A key injury or two can often give a team a laser focus, causing it to rise above their circumstances to achieve short-term success.

Then there was the situation the Bruins found themselves in Sunday night, when all the undermanned B’s worst fears came true.

With their four best defensemen (Charlie McAvoy, Matt Grzelcyk, Brandon Carlo and Kevan Miller) on the shelf, the B’s took a major beating at the hands of the Washington Capitals in a game that felt over midway through the first period, losing 8-1 at the Garden.

As shorthanded as the B’s were, they did themselves no favors, taking too many penalties, and the Caps made them pay with three power-play goals.

The B’s can only hope an injured player or two will return for Tuesday’s game against Buffalo or they’ll have their hands full with the stress-free Sabres, who did the B’s the favor of beating the Flyers on Sunday.

Right off the bat, it looked like the B’s knew they would need some sort of intangible vibe to have a chance in this one. Off the opening faceoff, Chris Wagner gamely dropped the gloves with Brendan Dillon, giving away about four inches and 20 pounds and surely trying to inspire his teammates off the hop.

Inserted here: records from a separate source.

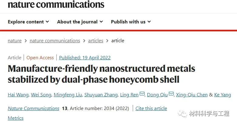 金属研究所杨柯团队长期从事新型医用金属材料的基础与应用研究。近期,团队成员任玲、王海等通过“双相壳层包裹超细等轴晶”的显微组织设计思想(图1),同时从热力学、动力学两方面提高超细晶钛合金组织热稳定性,并利用常规热处理与热加工的工艺组合,实现了上述显微组织的大尺寸制备,解决了超细晶钛合金制备加工难、组织稳定性差的两大瓶颈问题,获得了性能优异和热稳定性高的超细晶含铜钛合金。4月19日,相关研究成果以 “Manufacture-friendly nanostructured metals stabilized by dual-phase honeycomb shell” 为题在《自然-通讯》(Nature Communications)在线发表。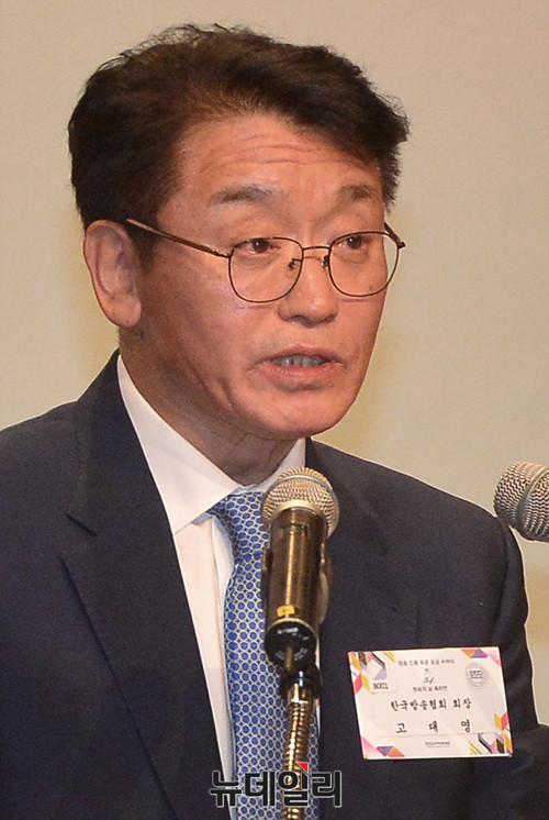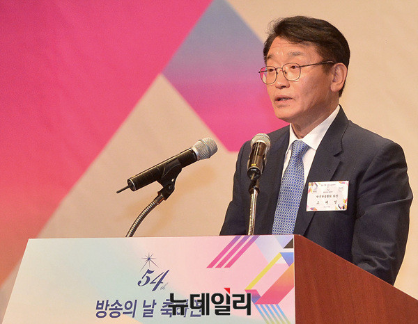 고대영 KBS 사장이 1일 오후 서울 63시티에서 열린 '방송 진흥 유공 포상 수여식' 축하연에서 축사를 하고 있다. 이날 행사장에는 MBC와 KBS 언론노조가 김장겸 사장과 고대영 사장의 퇴진을 요구하는 피켓을 들고 항의했다.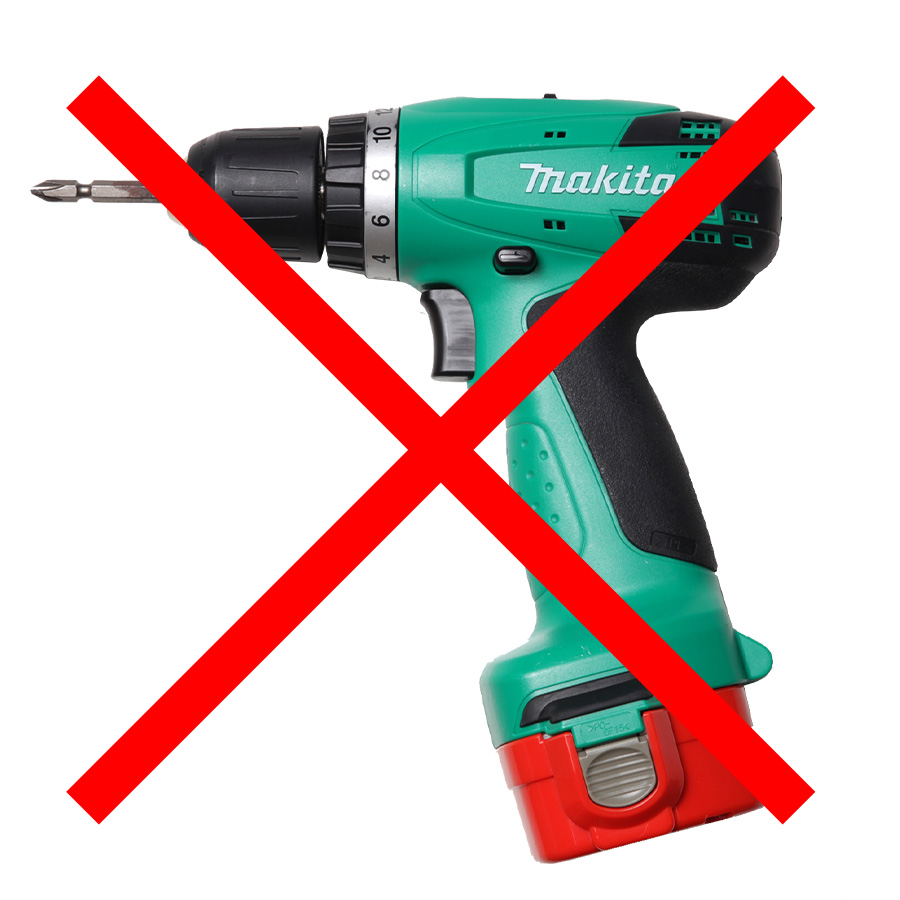 印の真上にアンカーを打ちます。必ずハンドドライバーで手回し。回しすぎるとアンカーが空回りして抜け落ちてしまうので、写真のようにピッタリで止めます。※アンカーは一度使うと再利用できません。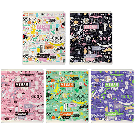 Тетрадь А5 48л " Альт " Vegan, клетка, блок - офсет 60г/м2, на скобе, обложка- мелованный картон, сплошной УФ- лак, скругленные углы, 5 дизайнов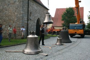 neuen Glocken, die in Karlsruhe gegossen wurden, und
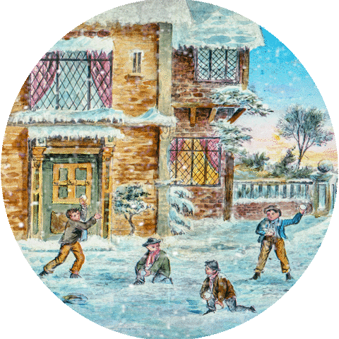 This scene of winter carolling is a combination of dissolving and slipping slides. The children snowballing dissolves into the evening scene of the house, then from the second lens of the biunial we overlay a slipping slide with the carol singers; this slide has a blackout over the door which, when pulled back, has the effect of opening the door. For this example, we've added falling snow from a roller blind. When projecting the slide from a lantern, it's important to fade out the snow before the snow roller runs out!
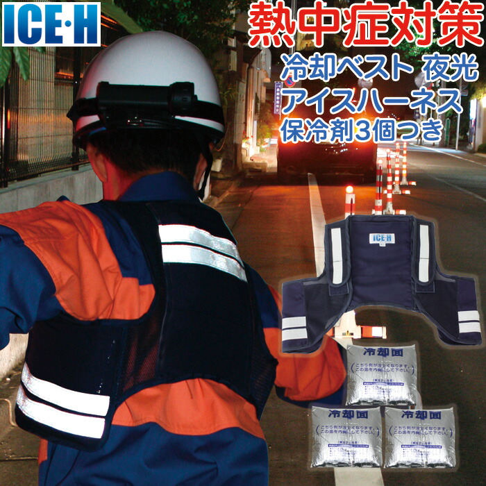 暑さ対策 熱中症対策グッズ 冷却ベスト 上位モデル アイスハーネス 蓄光反射付き 夜光タイプ 保冷剤3個付きセット ak select本店 赤城工業株式会社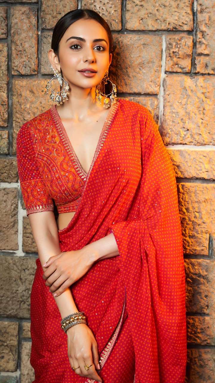 रकुल प्रीत सिंह अपने लुक्स को लेकर भी काफी ज्यादा चर्चा में बनी रहती हैं। एक्ट्रेस का ये लेटेस्ट साड़ी लुक गजब का है।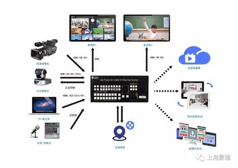通過(guò)大屏顯示設(shè)備、音頻采集系統(tǒng)、視頻采集系統(tǒng)、燈光系統(tǒng)、新媒體切換直播工作站等集成,新媒體切換直播工作站同時(shí)擁有虛擬演播、切換臺(tái)、字幕機(jī)、高清錄像、網(wǎng)絡(luò)直播五合一系統(tǒng)功能。

And they would get the first power play of the game just 27 seconds in on an Evgeny Kuznetsov slash. Coach Bruce Cassidy gave rookie Jack Ahcan, in his second NHL game, a chance to run the top PP unit and it looked predictably out of sync. The fact that David Pastrnak remains searching for his long lost game did not help either. Cassidy had moved him back to the top line with Patrice Bergeron and Brad Marchand, presumably to help him shake off whatever’s been slowing him down, but even his old line could not provide the boost he needs.

When Sean Kuraly took an obvious interference penalty after losing his stick at 5:49, it all started to fall apart.

In the waning seconds of the PP, T.J. Oshie beat Daniel Vladar with a sharp short-side wrister from the bumper spot.

Then, just 16 seconds later, Lars Eller made it 2-0. Carl Hagelin gathered a loose puck along the right boards and drew Ahcan to him before dishing to a rushing Eller, who left Anton Blidh standing still and roofed a shot over Vladar’s glove arm.

The Caps made it 3-0 at 9:42. Steven Kampfer left Conor Sheary all alone off the rush and Dmitry Orlov found him wide open and he beat Vladar for the commanding lead.

Sheary stretched the Washington to lead to 4-0 at 4:41 with another PP goal. With Craig Smith in the box for hooking, Vladar made several high-quality saves but, after a Washington icing, the Caps scored off the rush, with Sheary roofing a rebound.

Nic Dowd scored a long-range goal that Vladar should have stopped and then Tom Wilson added the Caps third power-play goal to give the Caps a half dozen before the second period was done.

Craig Smith added a power-play goal early in the third, but there was no way they were going to climb their way out of the natural disaster-level sinkhole they had created for themselves. And to drive that point home, Oshie gave the Caps their six-goal cushion back with his second of the game, and then Eller added his second of the game to really leave a mark.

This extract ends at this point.